◆ **WHAT TO PRODUCE**
Go to the line below that has "Granulated sugar on banana leaf", print it and each line after it exactly, and stop after the line that has "Charming North Grove"; leave out pictures.

◆ **EXERCISE MATERIAL**
┌──
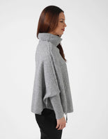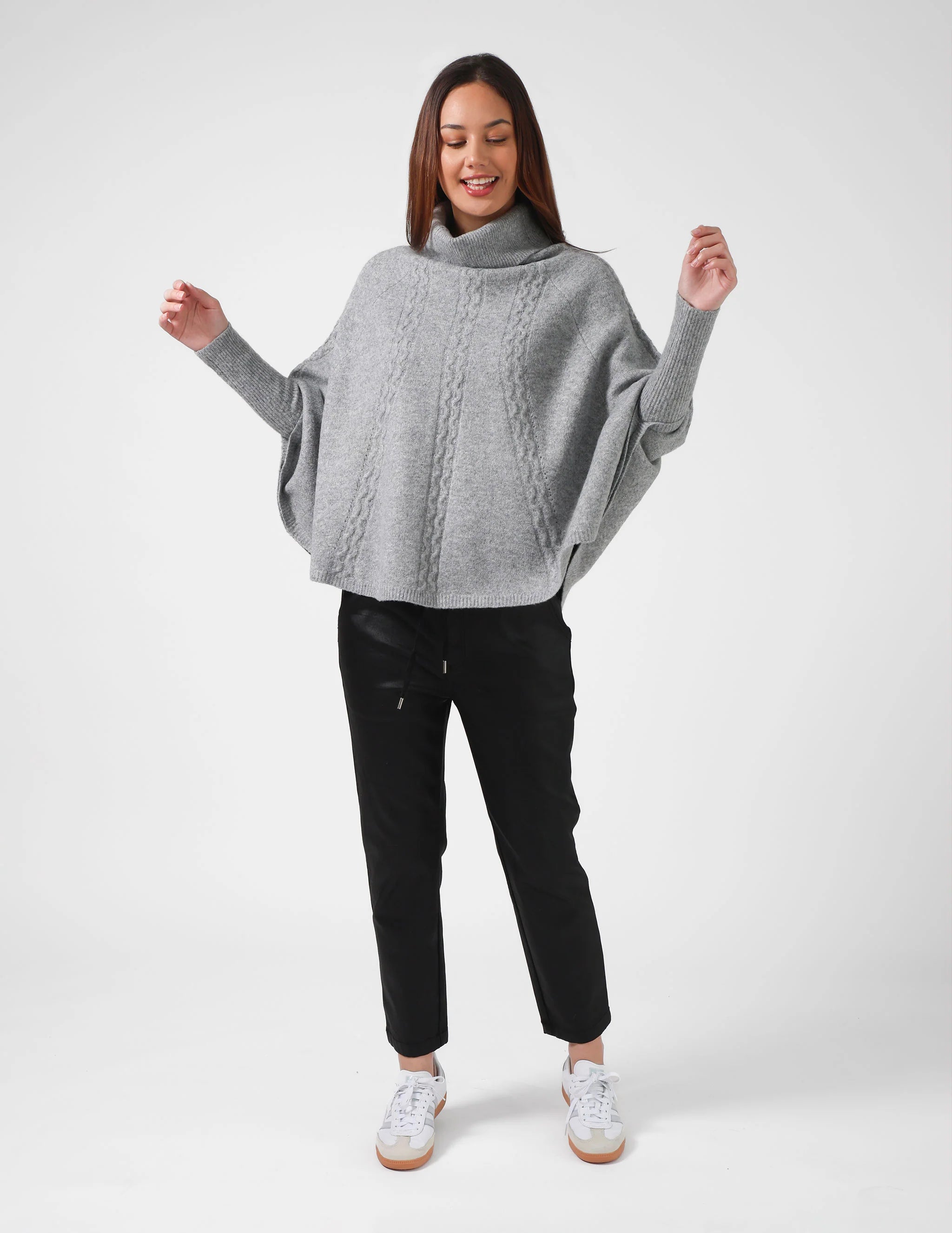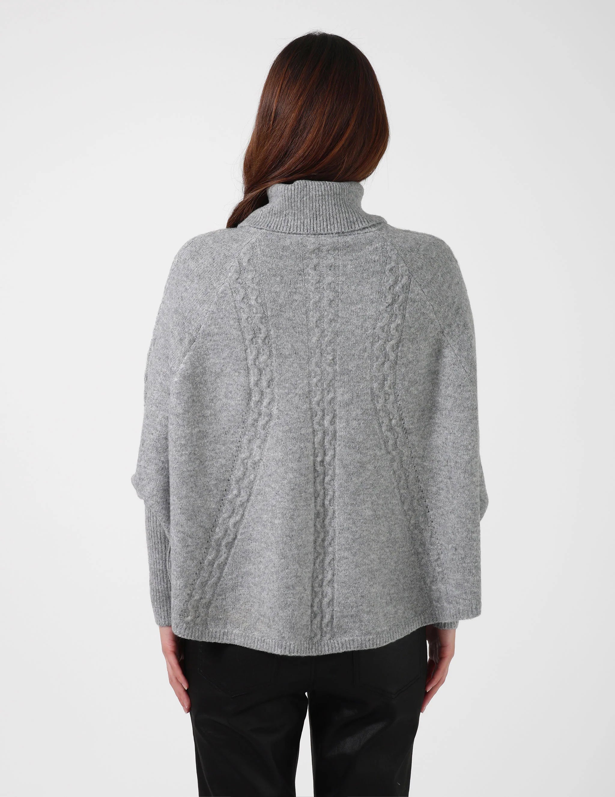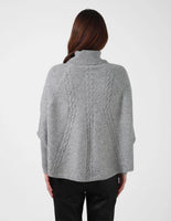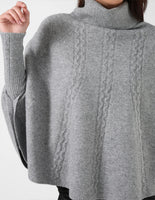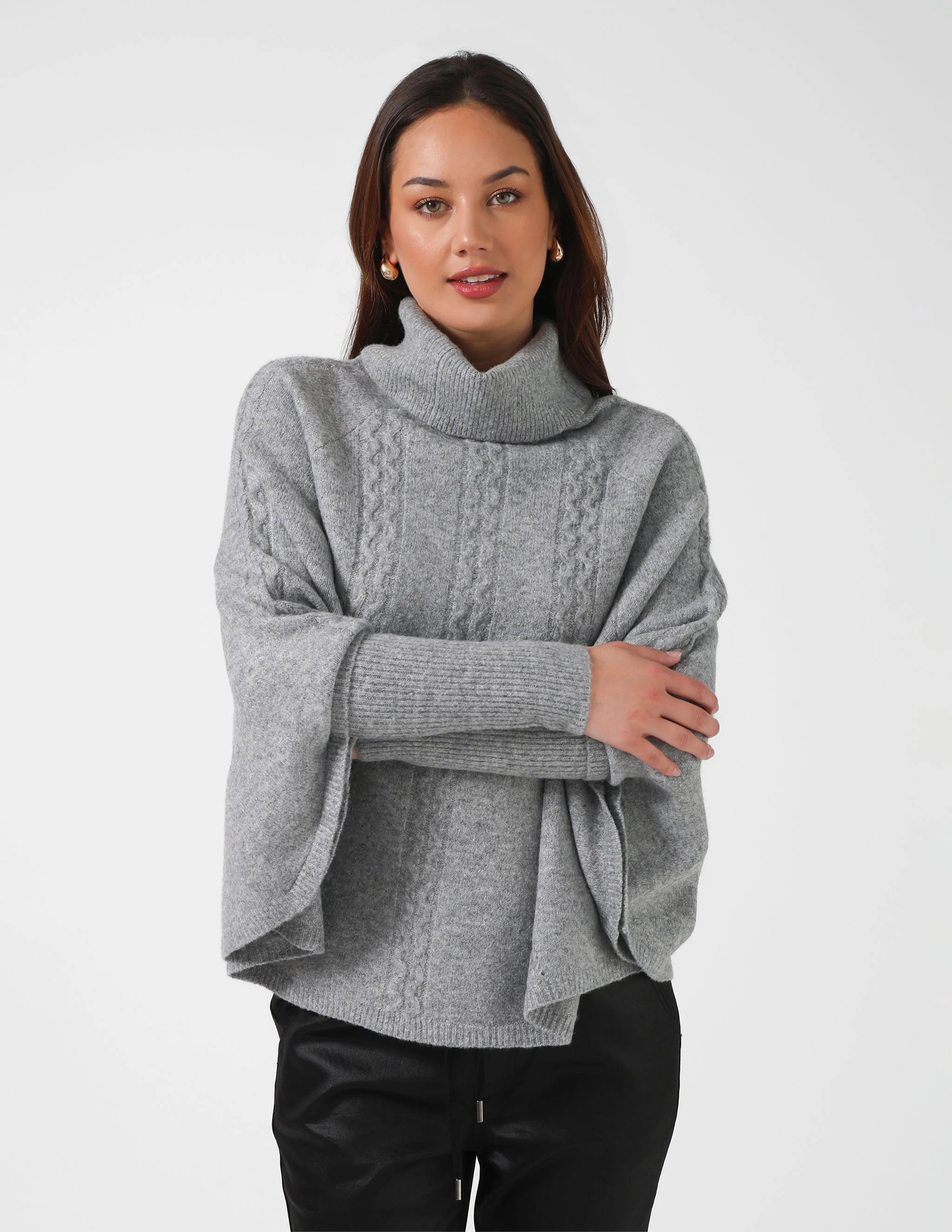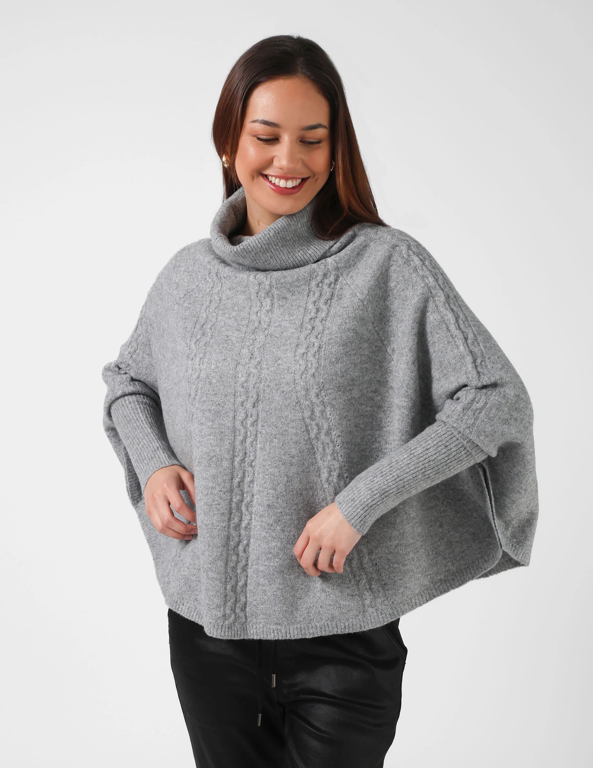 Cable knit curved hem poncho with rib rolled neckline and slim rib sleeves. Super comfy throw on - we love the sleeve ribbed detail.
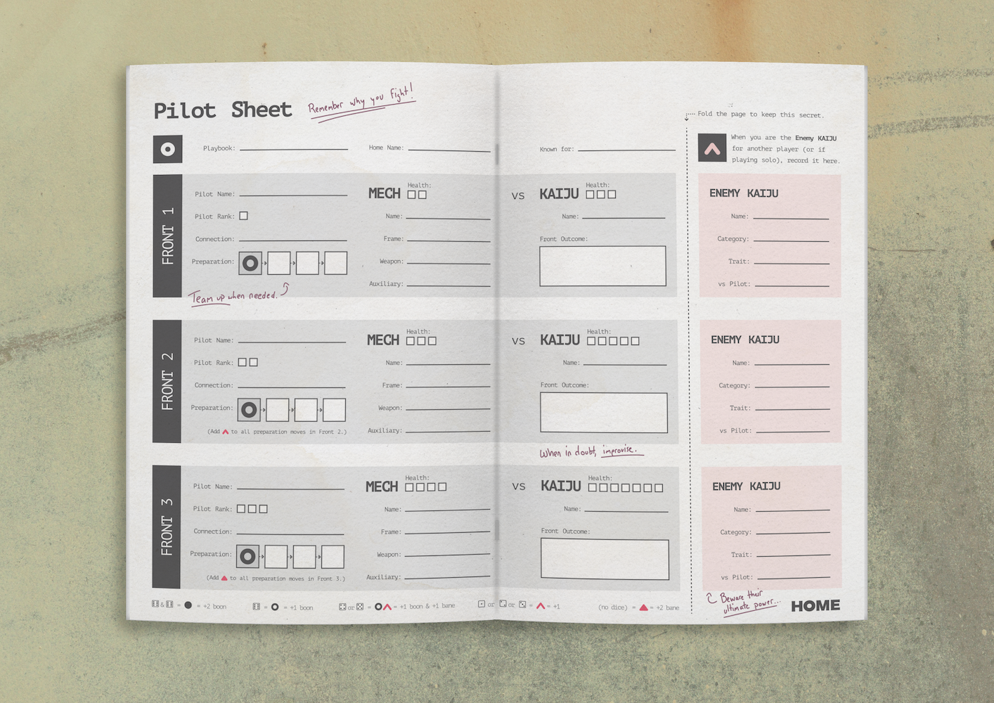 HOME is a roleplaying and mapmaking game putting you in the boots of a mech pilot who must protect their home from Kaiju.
└──
┌──
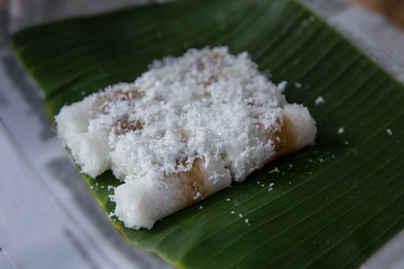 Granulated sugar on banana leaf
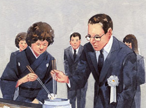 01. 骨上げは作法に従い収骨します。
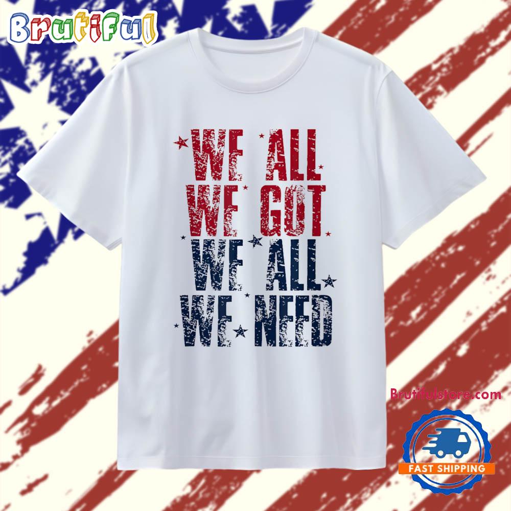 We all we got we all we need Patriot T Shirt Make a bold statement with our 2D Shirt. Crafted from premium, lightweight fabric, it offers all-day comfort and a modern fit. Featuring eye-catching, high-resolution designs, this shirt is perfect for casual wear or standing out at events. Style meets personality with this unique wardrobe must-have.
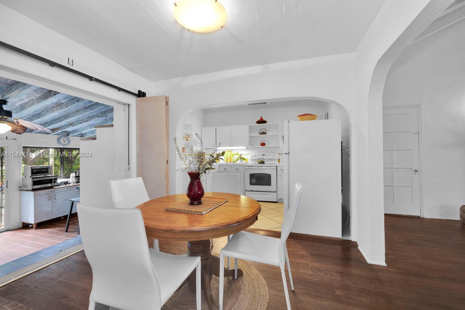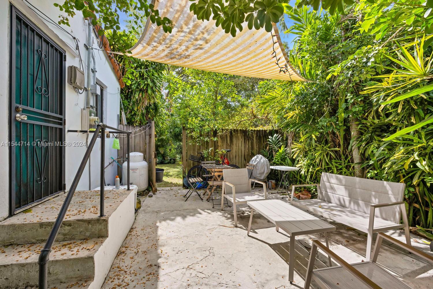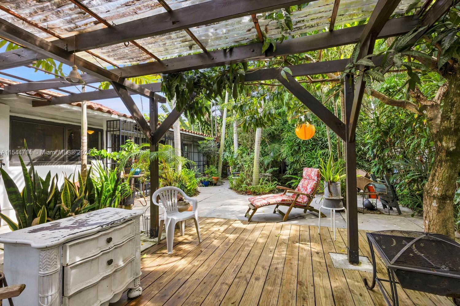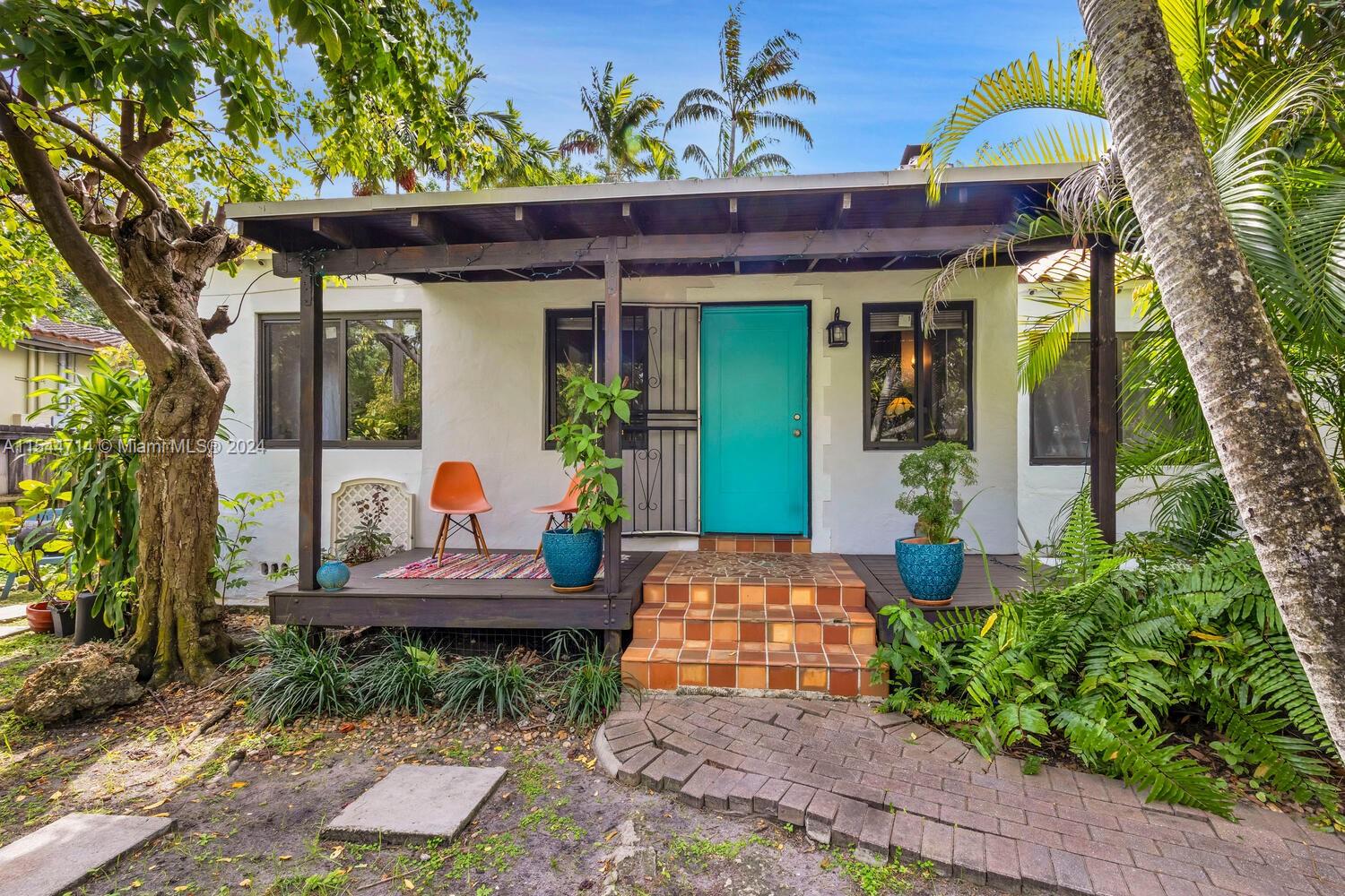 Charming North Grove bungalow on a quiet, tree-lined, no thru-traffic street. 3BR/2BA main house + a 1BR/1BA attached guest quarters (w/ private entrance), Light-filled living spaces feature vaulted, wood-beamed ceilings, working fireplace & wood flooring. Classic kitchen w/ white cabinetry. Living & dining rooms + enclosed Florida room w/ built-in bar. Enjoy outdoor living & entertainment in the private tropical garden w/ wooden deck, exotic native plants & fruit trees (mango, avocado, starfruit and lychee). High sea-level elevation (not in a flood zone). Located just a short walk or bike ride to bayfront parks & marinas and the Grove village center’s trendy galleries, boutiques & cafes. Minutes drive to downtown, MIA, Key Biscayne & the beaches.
└──
◆ **RESPONSE TO THIS EXERCISE**
 Granulated sugar on banana leaf
 01. 骨上げは作法に従い収骨します。
 We all we got we all we need Patriot T Shirt Make a bold statement with our 2D Shirt. Crafted from premium, lightweight fabric, it offers all-day comfort and a modern fit. Featuring eye-catching, high-resolution designs, this shirt is perfect for casual wear or standing out at events. Style meets personality with this unique wardrobe must-have.
 Charming North Grove bungalow on a quiet, tree-lined, no thru-traffic street. 3BR/2BA main house + a 1BR/1BA attached guest quarters (w/ private entrance), Light-filled living spaces feature vaulted, wood-beamed ceilings, working fireplace & wood flooring. Classic kitchen w/ white cabinetry. Living & dining rooms + enclosed Florida room w/ built-in bar. Enjoy outdoor living & entertainment in the private tropical garden w/ wooden deck, exotic native plants & fruit trees (mango, avocado, starfruit and lychee). High sea-level elevation (not in a flood zone). Located just a short walk or bike ride to bayfront parks & marinas and the Grove village center’s trendy galleries, boutiques & cafes. Minutes drive to downtown, MIA, Key Biscayne & the beaches.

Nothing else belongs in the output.